Could you set down the lines from the first line of the entries below through the line with "But the current", exactly and with no pictures?

Data extracted from a collection:
+---+

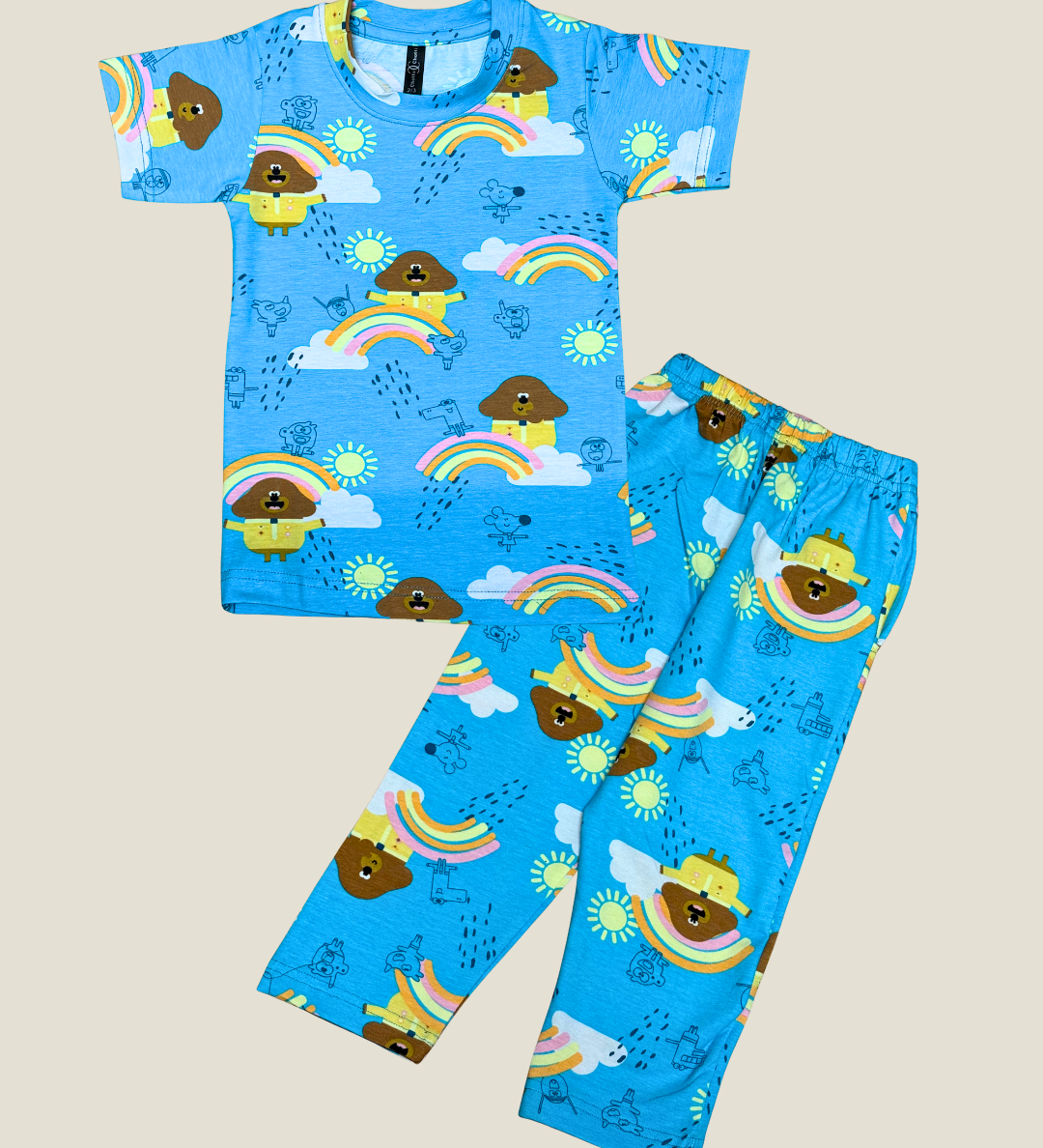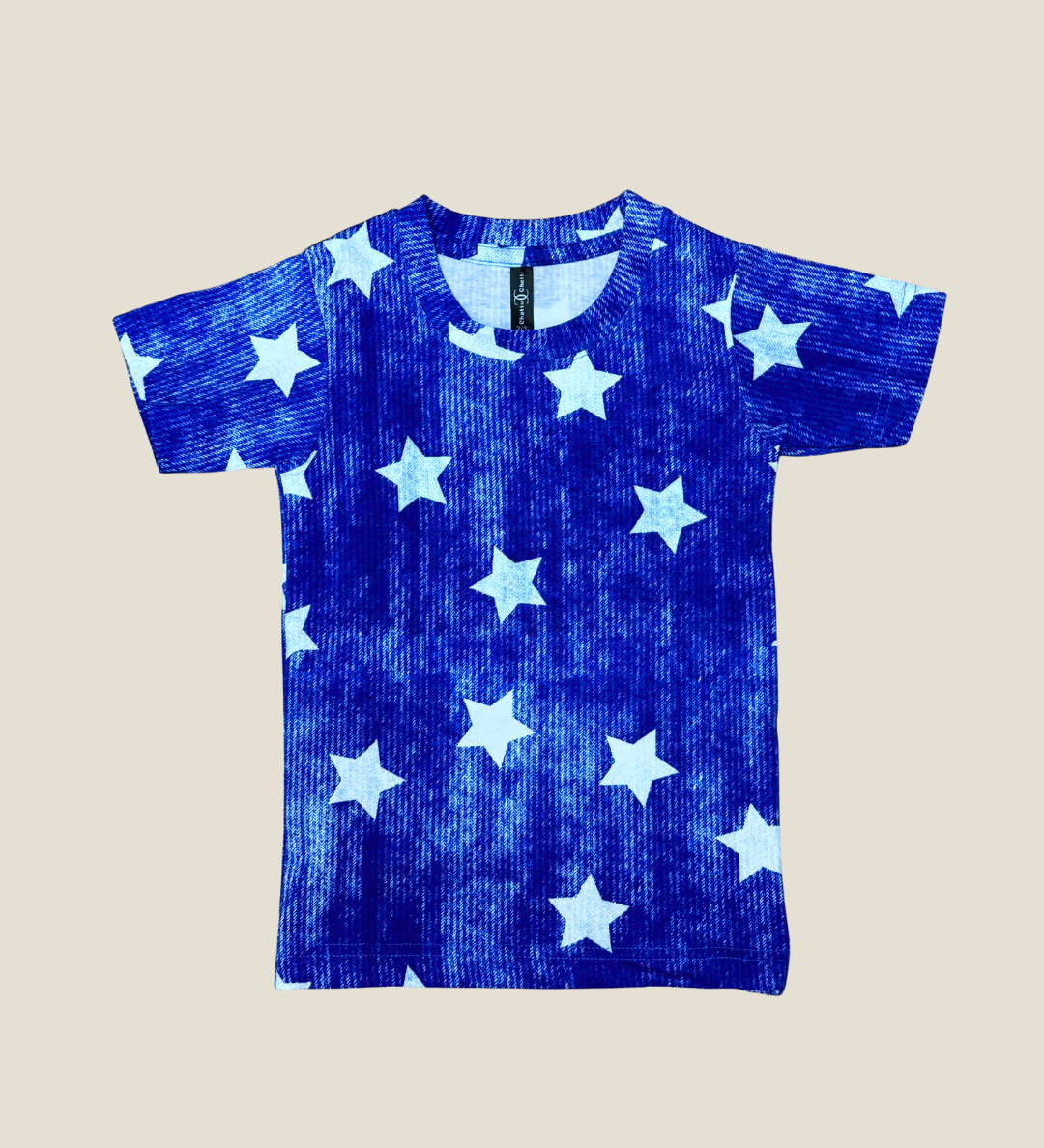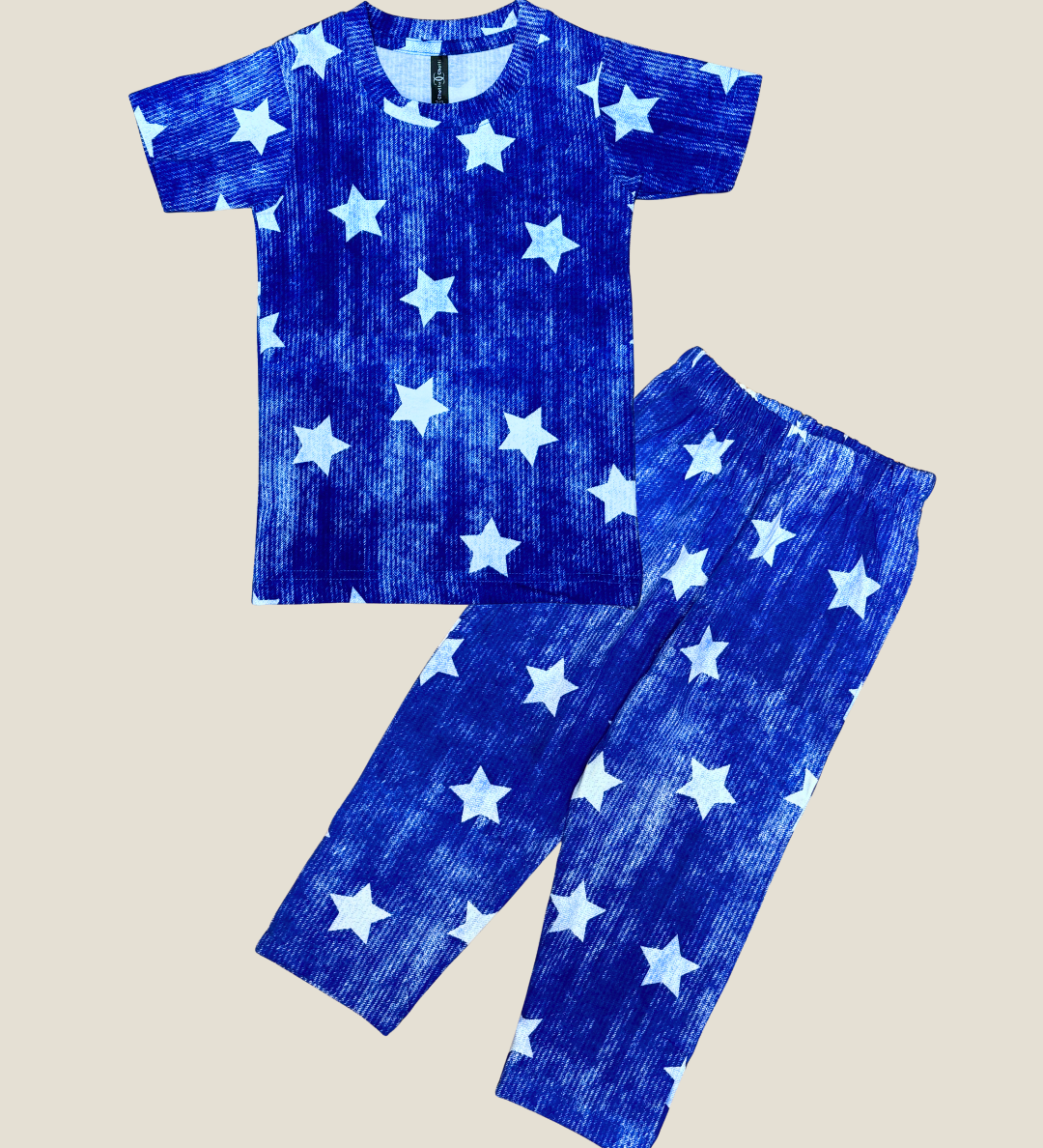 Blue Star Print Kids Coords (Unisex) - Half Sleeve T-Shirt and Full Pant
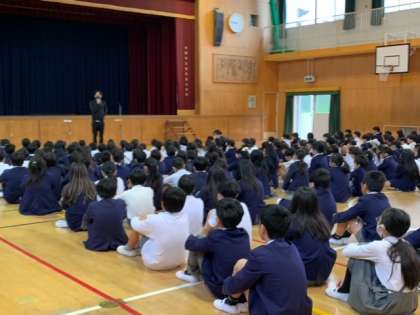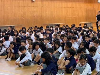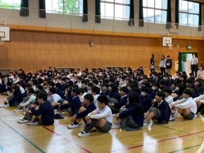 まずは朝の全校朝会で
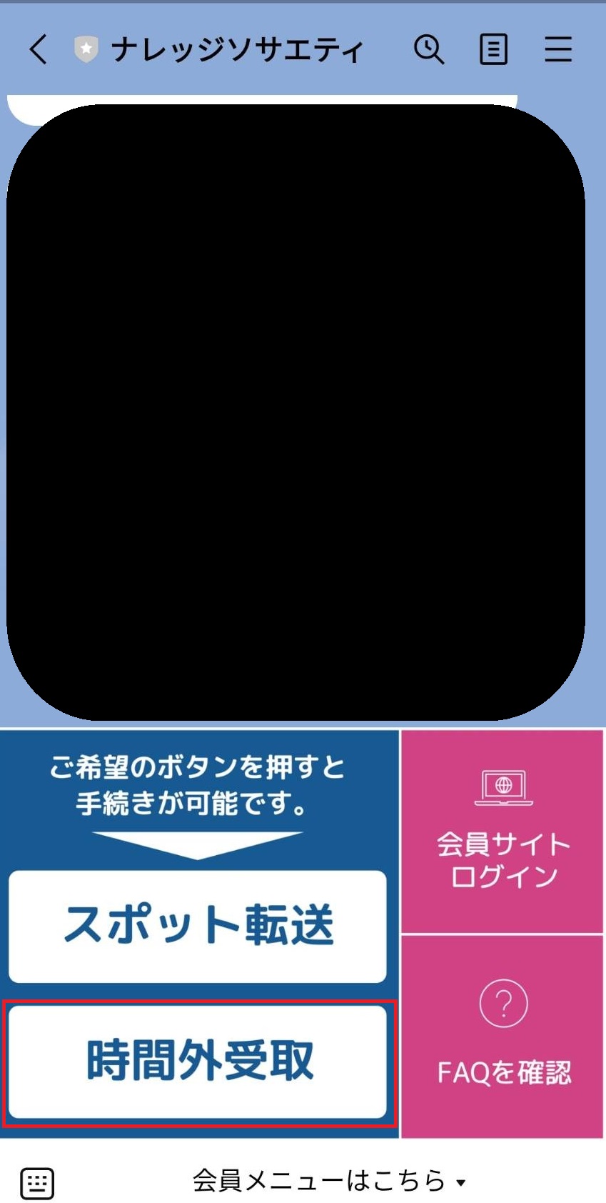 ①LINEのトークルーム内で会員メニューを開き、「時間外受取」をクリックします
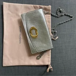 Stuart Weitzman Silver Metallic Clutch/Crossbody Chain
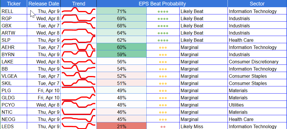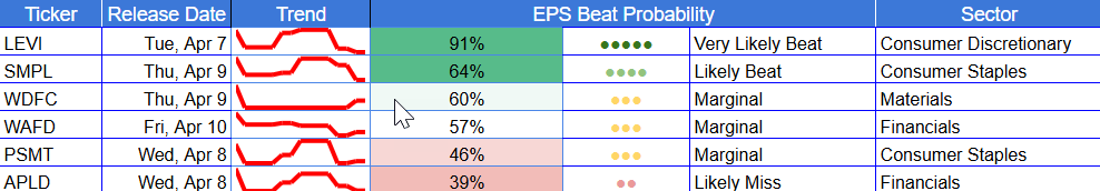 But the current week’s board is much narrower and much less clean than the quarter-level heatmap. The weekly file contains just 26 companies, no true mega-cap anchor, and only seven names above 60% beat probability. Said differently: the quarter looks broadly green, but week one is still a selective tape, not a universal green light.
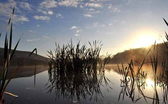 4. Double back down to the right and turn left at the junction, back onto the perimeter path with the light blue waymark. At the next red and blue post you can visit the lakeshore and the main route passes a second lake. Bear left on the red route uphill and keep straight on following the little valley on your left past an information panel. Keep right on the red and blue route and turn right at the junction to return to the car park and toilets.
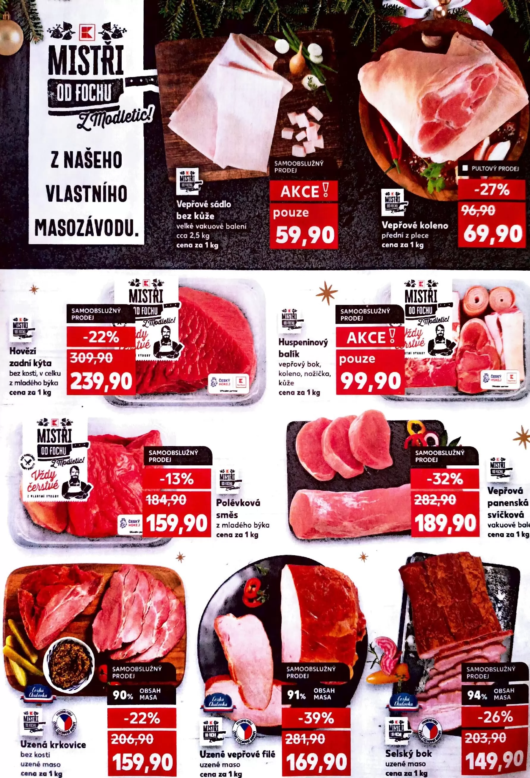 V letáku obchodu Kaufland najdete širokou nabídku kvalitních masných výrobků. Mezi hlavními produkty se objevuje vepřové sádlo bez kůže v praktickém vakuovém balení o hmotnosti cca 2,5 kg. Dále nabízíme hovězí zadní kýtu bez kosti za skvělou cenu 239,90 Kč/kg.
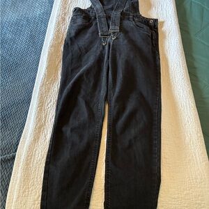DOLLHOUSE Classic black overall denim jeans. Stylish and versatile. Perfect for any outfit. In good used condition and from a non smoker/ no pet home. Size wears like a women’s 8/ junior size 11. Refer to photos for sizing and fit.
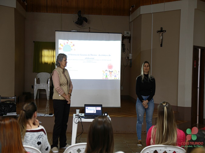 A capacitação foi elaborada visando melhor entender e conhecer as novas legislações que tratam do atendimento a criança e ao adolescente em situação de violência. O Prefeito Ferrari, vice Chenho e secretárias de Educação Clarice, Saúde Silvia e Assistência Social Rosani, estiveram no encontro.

+---+

▶ Written solution:
 Blue Star Print Kids Coords (Unisex) - Half Sleeve T-Shirt and Full Pant
 まずは朝の全校朝会で
 ①LINEのトークルーム内で会員メニューを開き、「時間外受取」をクリックします
 Stuart Weitzman Silver Metallic Clutch/Crossbody Chain
 But the current week’s board is much narrower and much less clean than the quarter-level heatmap. The weekly file contains just 26 companies, no true mega-cap anchor, and only seven names above 60% beat probability. Said differently: the quarter looks broadly green, but week one is still a selective tape, not a universal green light.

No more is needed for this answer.